What to work on
Each entry below must come back exactly as written, without its pictures.

Data for the task
BEGIN

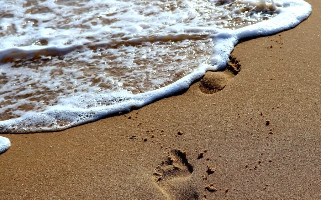 Osservando l'impronta che subito una piccola onda si affretta a cancellare.
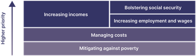 In our view, bolstering social security should come top of the priority list, followed by increasing employment and wages. Next should come managing costs with mitigating the effects of poverty after that.
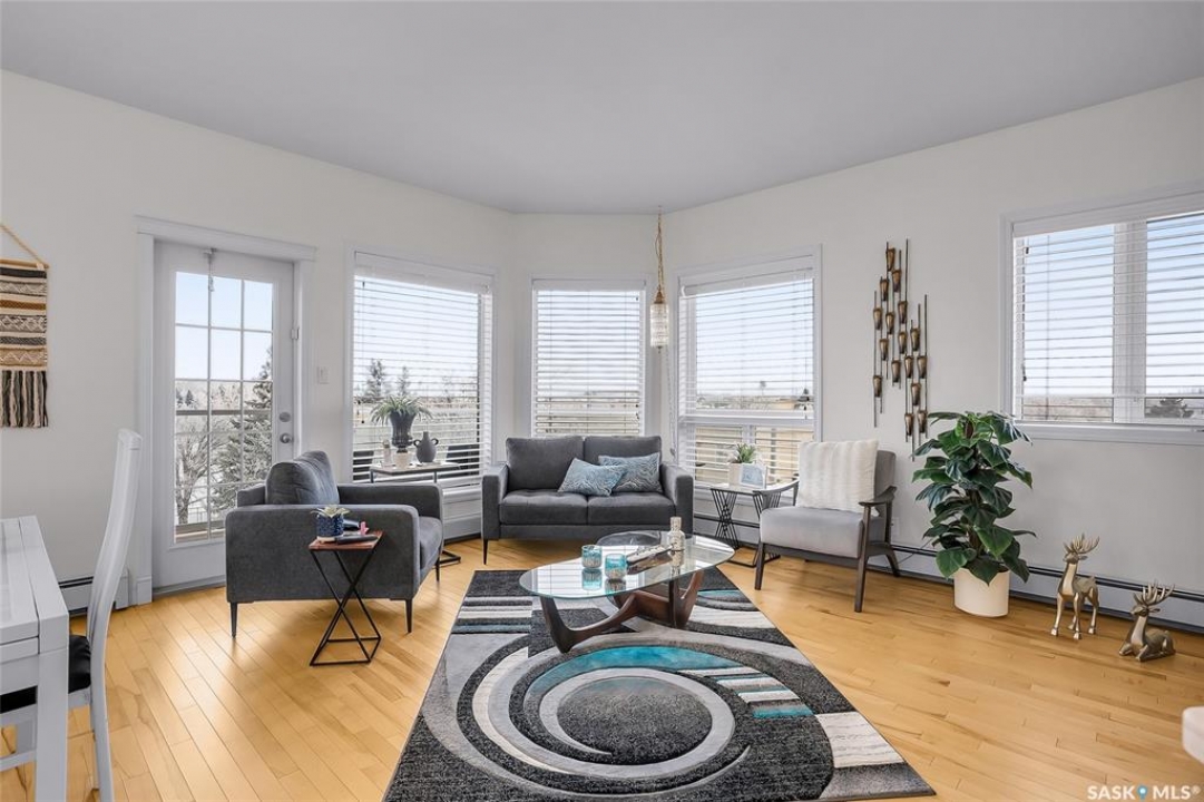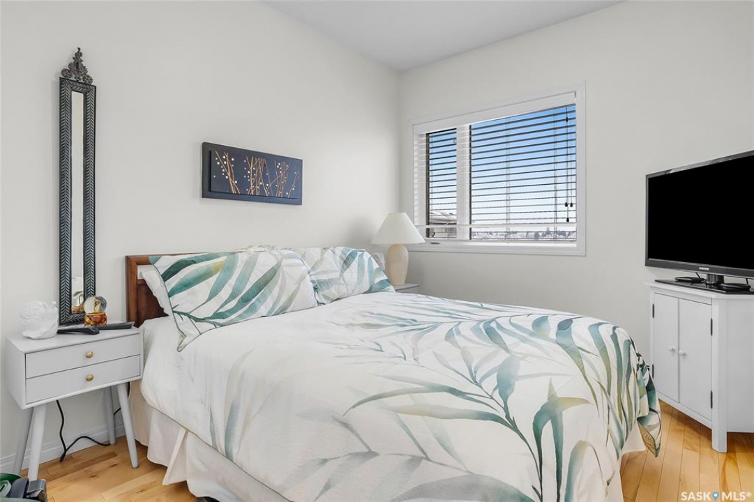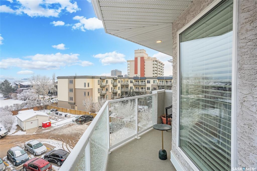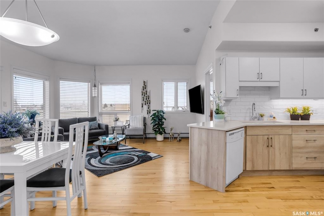 Top floor corner 2 bedroom & den with wrap-around covered balcony; ideal for those looking to simplify without sacrificing space or quality. Welcome to this beautifully bright and thoughtfully updated condo offering an open airy layout, with generous sized rooms, vaulted ceilings, and plenty of natural light with views overlooking the park. The modern kitchen is a standout feature, offering ample storage, updated 2-tone cabinetry, quartz counters, under cabinet lighting & textured subway tile backsplash. Whether you enjoy cooking or prefer easy, low-maintenance meals, this kitchen supports both with ease. The open dining and living areas flow seamlessly together, making it effortless to entertain family and friends or simply enjoy a quiet evening at home. Large windows brighten the space throughout the day, while the private 4'x22' wrap-around covered balcony provides a peaceful spot perfect for morning coffee, fresh air, or relaxing with a book. This home has been meticulously cared for and offers the comfort of hardwood flooring throughout for easy upkeep, a neutral and modern design, and a layout that's highly functional without feeling overwhelming. The building is well maintained, with convenient underground parking (#19 P1 Level with individual storage room), wheelchair accessible with elevator, garbage chute, private fitness room & Recreation room featuring a pool table, shuffle board, reading nook & kitchenette. Prime Saskatoon location in Nutana SC offering easy access to nearby shopping at Market Mall with all your desired amenities including medical services & grocery, parks, and transit—making everyday living simple and stress-free. If you're looking to transition into a more manageable lifestyle while still enjoying style, space, and serenity, this condo is the perfect fit.
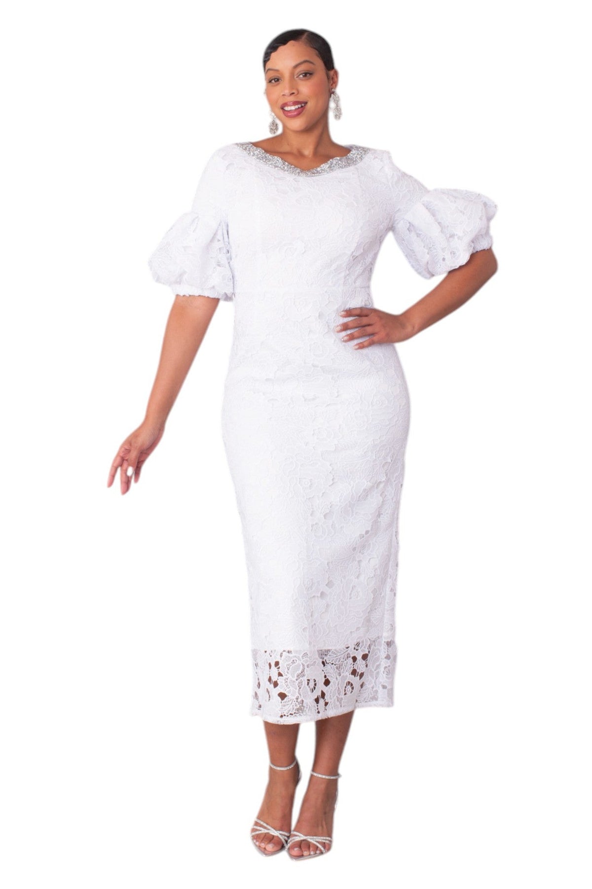 Lacy Dress with Puff Sleeves and Sparkling Neckline - 4888 - Especially Yours
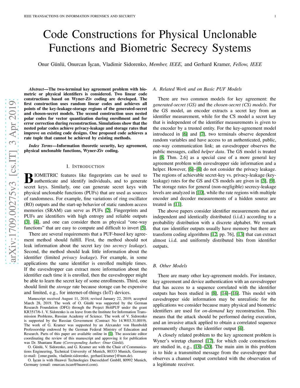The two-terminal key agreement problem with biometric or physical identifiers is considered. Two linear code constructions based on Wyner-Ziv coding are developed. The first construction uses random linear codes and achieves all points of the key-leakage-storage regions of the generated-secret and chosen-secret models. The second construction uses nested polar codes for vector quantization during enrollment and for error correction during reconstruction. Simulations show that the nested polar codes achieve privacy-leakage and storage rates that improve on existing code designs. One proposed code achieves a rate tuple that cannot be achieved by existing methods.
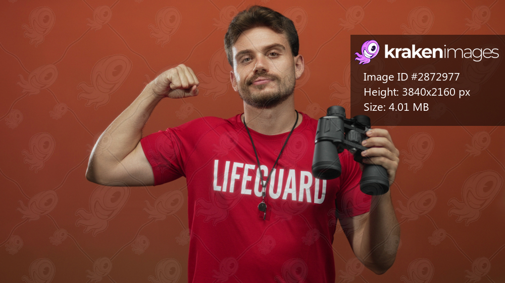 Man lifeguard flexes bicep and holds binoculars in studio orange backdrop, wearing red lifeguard shirt and whistle on lanyard; confidence duty.
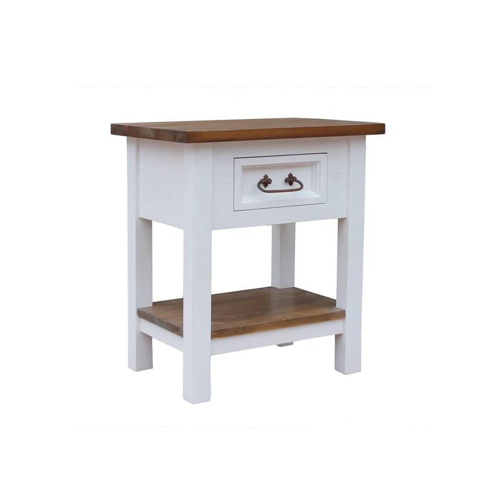 Rustikální stolek SWEET HOME nabízí policí a šuplík, vše doplněno o stylové úchyty.
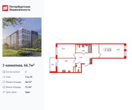 Продается просторная 2-комнатная квартира от застройщика в жилом комплексе ''Svetlana Park'' в современном Выборгском районе.До метро можно добраться пешком всего за 15 минут.Удобная, классическая планировка, кухня 12.2 м², просторная прихожая 13.8 м². Общая площадь квартиры - 66.7 м², жилая 31.1 м², высота потолка 3 м.Квартира продается c черновой отделкой.Что особенного в ЖК ''Svetlana Park''?• 15 мин пешком до метро Удельная и 500 м до Парка Сосновка• Клинкерный кирпич в отделке фасадов, с архитектурной вечерней подсветкой• Панорамные алюминиевые окна ''Reynaers''. Безрамное остекление балконов и лоджий• Благоустроенный променад с арт-скверами и всесезонный дендропарк во дворе• Дом бизнес класса: Потолки 3 метра, дополнительная шумоизоляция в полу, лифты в паркинг
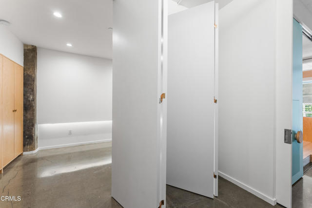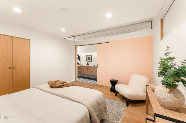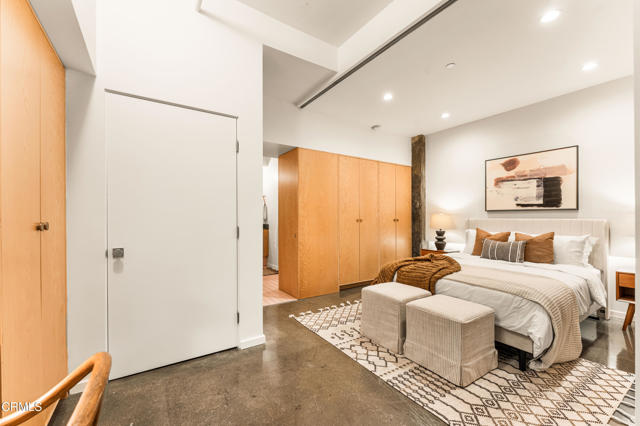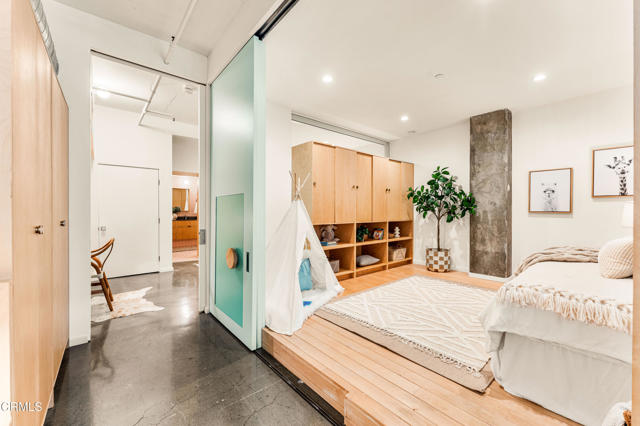 Originally designed as an open loft, this residence has been thoughtfully transformed into four distinct rooms with sleek sliding doors, blending architectural character with functional privacy. The redesign preserves the expansive volume and modern aesthetic of a true loft while creating defined spaces ideal for bedrooms, a home office, guest quarters, or a media room -- a rare configuration in this setting. The sliding door system allows for flexibility and flow, offering openness when desired and separation for comfort and quiet when needed. This presents a unique opportunity for a family to enjoy modern loft living in the heart of the city -- without sacrificing enclosed bedrooms and everyday practicality. A resort-style rooftop crowns the building, featuring a heated pool and spa, cabanas, BBQ areas, fire pits, a fully equipped fitness center, and breathtaking 360-degree skyline views -- an elevated extension of sophisticated urban living. Gated garage parking and 24/7 on-site security provide convenience and peace of mind. Step outside to experience the best of the Arts District, including Bavel, Girl & the Goat, Manuela, Verve, Blue Bottle, Hauser & Wirth, SoHo Warehouse, and more. With effortless access to Metro, train stations, and major freeways, this prime location offers the perfect balance of vibrant city energy and everyday ease.
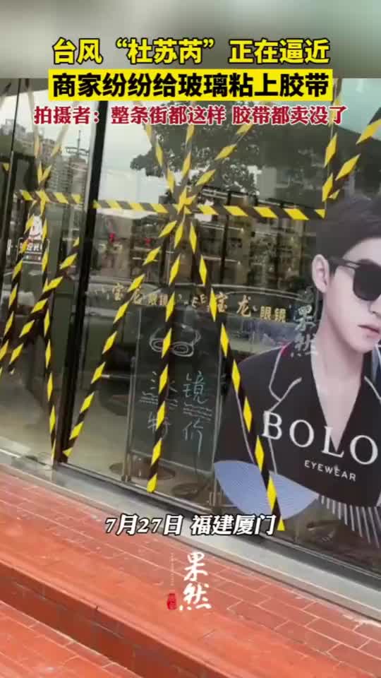 7月27日,随着台风“杜苏芮”逐渐逼近,福建厦门商家纷纷给门窗玻璃粘上胶带,拍摄者:整条街都这样,胶带都卖完了,大家都怕了。(via 齐鲁晚报网)
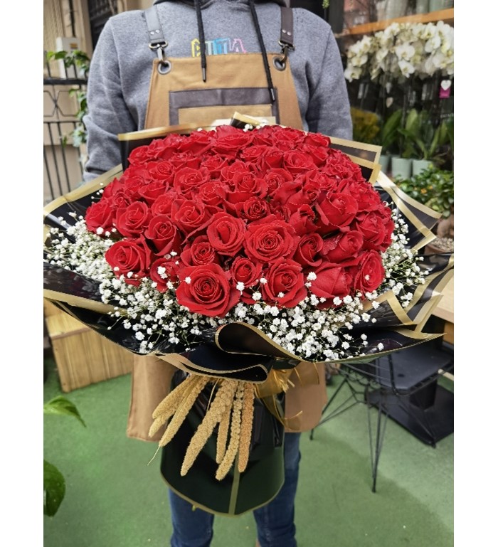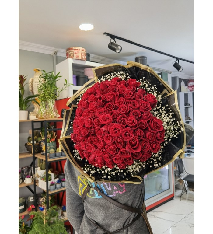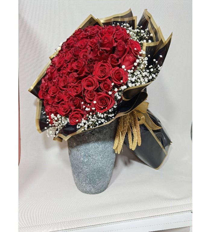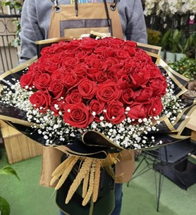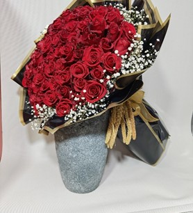 101 Adet kırmızı gül ile hazırlanmış özel buket.
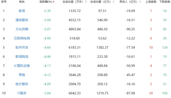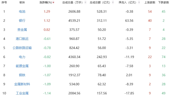 板块方面,电池、银行、贵金属板块上涨,教育、文化传媒、通信服务等板块跌幅居前。

END

The completed task
 Osservando l'impronta che subito una piccola onda si affretta a cancellare.
 In our view, bolstering social security should come top of the priority list, followed by increasing employment and wages. Next should come managing costs with mitigating the effects of poverty after that.
 Top floor corner 2 bedroom & den with wrap-around covered balcony; ideal for those looking to simplify without sacrificing space or quality. Welcome to this beautifully bright and thoughtfully updated condo offering an open airy layout, with generous sized rooms, vaulted ceilings, and plenty of natural light with views overlooking the park. The modern kitchen is a standout feature, offering ample storage, updated 2-tone cabinetry, quartz counters, under cabinet lighting & textured subway tile backsplash. Whether you enjoy cooking or prefer easy, low-maintenance meals, this kitchen supports both with ease. The open dining and living areas flow seamlessly together, making it effortless to entertain family and friends or simply enjoy a quiet evening at home. Large windows brighten the space throughout the day, while the private 4'x22' wrap-around covered balcony provides a peaceful spot perfect for morning coffee, fresh air, or relaxing with a book. This home has been meticulously cared for and offers the comfort of hardwood flooring throughout for easy upkeep, a neutral and modern design, and a layout that's highly functional without feeling overwhelming. The building is well maintained, with convenient underground parking (#19 P1 Level with individual storage room), wheelchair accessible with elevator, garbage chute, private fitness room & Recreation room featuring a pool table, shuffle board, reading nook & kitchenette. Prime Saskatoon location in Nutana SC offering easy access to nearby shopping at Market Mall with all your desired amenities including medical services & grocery, parks, and transit—making everyday living simple and stress-free. If you're looking to transition into a more manageable lifestyle while still enjoying style, space, and serenity, this condo is the perfect fit.
 Lacy Dress with Puff Sleeves and Sparkling Neckline - 4888 - Especially Yours
The two-terminal key agreement problem with biometric or physical identifiers is considered. Two linear code constructions based on Wyner-Ziv coding are developed. The first construction uses random linear codes and achieves all points of the key-leakage-storage regions of the generated-secret and chosen-secret models. The second construction uses nested polar codes for vector quantization during enrollment and for error correction during reconstruction. Simulations show that the nested polar codes achieve privacy-leakage and storage rates that improve on existing code designs. One proposed code achieves a rate tuple that cannot be achieved by existing methods.
 Man lifeguard flexes bicep and holds binoculars in studio orange backdrop, wearing red lifeguard shirt and whistle on lanyard; confidence duty.
 Rustikální stolek SWEET HOME nabízí policí a šuplík, vše doplněno o stylové úchyty.
 Продается просторная 2-комнатная квартира от застройщика в жилом комплексе ''Svetlana Park'' в современном Выборгском районе.До метро можно добраться пешком всего за 15 минут.Удобная, классическая планировка, кухня 12.2 м², просторная прихожая 13.8 м². Общая площадь квартиры - 66.7 м², жилая 31.1 м², высота потолка 3 м.Квартира продается c черновой отделкой.Что особенного в ЖК ''Svetlana Park''?• 15 мин пешком до метро Удельная и 500 м до Парка Сосновка• Клинкерный кирпич в отделке фасадов, с архитектурной вечерней подсветкой• Панорамные алюминиевые окна ''Reynaers''. Безрамное остекление балконов и лоджий• Благоустроенный променад с арт-скверами и всесезонный дендропарк во дворе• Дом бизнес класса: Потолки 3 метра, дополнительная шумоизоляция в полу, лифты в паркинг
 Originally designed as an open loft, this residence has been thoughtfully transformed into four distinct rooms with sleek sliding doors, blending architectural character with functional privacy. The redesign preserves the expansive volume and modern aesthetic of a true loft while creating defined spaces ideal for bedrooms, a home office, guest quarters, or a media room -- a rare configuration in this setting. The sliding door system allows for flexibility and flow, offering openness when desired and separation for comfort and quiet when needed. This presents a unique opportunity for a family to enjoy modern loft living in the heart of the city -- without sacrificing enclosed bedrooms and everyday practicality. A resort-style rooftop crowns the building, featuring a heated pool and spa, cabanas, BBQ areas, fire pits, a fully equipped fitness center, and breathtaking 360-degree skyline views -- an elevated extension of sophisticated urban living. Gated garage parking and 24/7 on-site security provide convenience and peace of mind. Step outside to experience the best of the Arts District, including Bavel, Girl & the Goat, Manuela, Verve, Blue Bottle, Hauser & Wirth, SoHo Warehouse, and more. With effortless access to Metro, train stations, and major freeways, this prime location offers the perfect balance of vibrant city energy and everyday ease.
 7月27日,随着台风“杜苏芮”逐渐逼近,福建厦门商家纷纷给门窗玻璃粘上胶带,拍摄者:整条街都这样,胶带都卖完了,大家都怕了。(via 齐鲁晚报网)
 101 Adet kırmızı gül ile hazırlanmış özel buket.
 板块方面,电池、银行、贵金属板块上涨,教育、文化传媒、通信服务等板块跌幅居前。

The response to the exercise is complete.